We had 1 system go operational during the quarter, which is the Atlanta area site for Exal. Notably, this project’s install start to acceptance was accomplished in under 10 months, ahead of our historical performance for installation timelines. As our base of operational systems continues to expand, software revenue grew 93% year-over-year to $13 million in the fiscal second quarter, including approximately a $1 million from a non-recurring adjustment. Excluding this adjustment, software growth remained above 75% year-over-year. Operation services revenue of $29 million was slightly down year-over-year due to a tough comparable in training revenue, but up slightly sequentially due to the increase in operational systems. Turning to margins in the fiscal second quarter. Gross margin expanded both sequentially and year-over-year due to strong project execution, cost discipline, and scale benefits.

Operating expenses on a GAAP basis were $144 million in the fiscal second quarter. Adjusted operating expenses totaled $88 million, both up sequentially in support of our growth initiatives. Net income for the fiscal second quarter was $9 million, an improvement from a net loss of $10 million in the second quarter of fiscal year 2025, thanks to expanding margin and operating leverage. Adjusted EBITDA of $78 million was more than double the $35 million in the second quarter of fiscal year 2025. Our backlog of $22.7 billion continued to remain strong. The increase from $22.3 billion last quarter primarily reflects final pricing adjustments on projects started in the quarter and the addition of one system for AWG, offset by revenue recognized in the quarter.

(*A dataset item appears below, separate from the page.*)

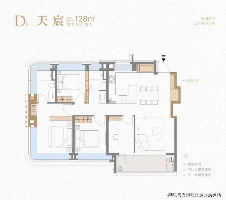 项目建面约128㎡4房同样出彩。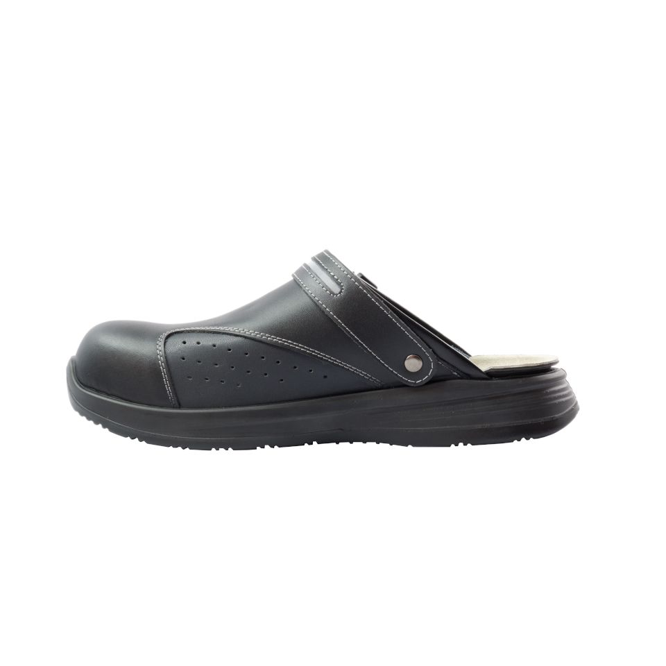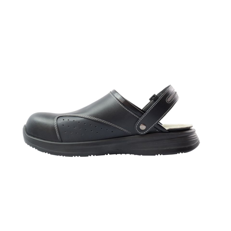 Εξωτερική σόλα, κάτω μέρος: Aπό μονοδιάστατη πολυουρεθάνη (mono-density PU), ανθεκτική σε κάμψη και φθορά με ενιαία, ομοιόμορφη πυκνότητα σε όλη την έκτασή της και ίδια σκληρότητα και δομή σε όλο το υλικό για σταθερή υποστήριξη και σταθερό πάτημα. Αρκετά ελαστικό υλικό για να απορροφά τους κραδασμούς, μειώνοντας την κούραση στα πόδια, ανθεκτικό στη φθορά και την κάμψη. Προσφέρει καλύτερη πρόσφυση σε ολισθηρές επιφάνειες (anti-slip), είναι ανθεκτική στην απορρόφηση από λάδια και λιπαρές ουσίες (anti-oil) για μεγαλύτερη διάρκεια ζωής.

We finished the quarter with cash and cash equivalents of $2 billion, up from $1.8 billion in the fiscal first quarter, driven by $218 million of free cash flow. Turning to the outlook for the third quarter of fiscal 2026. We expect revenue between $700 million and $720 million and adjusted EBITDA between $80 million and $85 million. With that, we now welcome your questions. Operator, please begin the Q&A.

Charlie Anderson, Vice President of Investor Relations, Symbotic3: Thank you. At this time, we will conduct the question-and-answer session. Our first question comes from the line of Andrew Kaplowitz of Citigroup. Your line is now open.

Andrew Kaplowitz, Analyst, Citigroup: Hey, good afternoon, everyone. Look, Izzy, obviously backs up a bit sequentially, and you did mention the first deployment with AWG. Would you say the new storage structure that you have is starting to pay dividends with these kinds of new customers? Maybe, you know, what’s the potential that you see with AWG?

Izzy Martins, Chief Financial Officer, Symbotic: Andy, I heard that a little bit broken up, I think what your question was, first of all, thank you for your question, is what do we see coming forward from AWG. I think like every customer, the start is always with one system. The potential there is, you know, really to build one system successfully. It’ll take us a couple of years for that, and then do one system at a time. The importance there is, unlike a larger customer that adds to our backlog, this backlog will come at one system at a time. Like we said, it’s a monumental first step and also having another new customer earlier in our fiscal year, whereas the last new customer that we announced was at the tail end of fiscal year 2025.

Hopefully that answered your question.

Andrew Kaplowitz, Analyst, Citigroup: Yeah, no, it’s good, Izzy. It’s great to hear about the new Exal site coming live. Of course, I have to ask, I know you’ve been talking about customers visiting the site. Now that it’s live, you know, would you expect to see sort of more movement there, in terms of, you know, getting these customers on board?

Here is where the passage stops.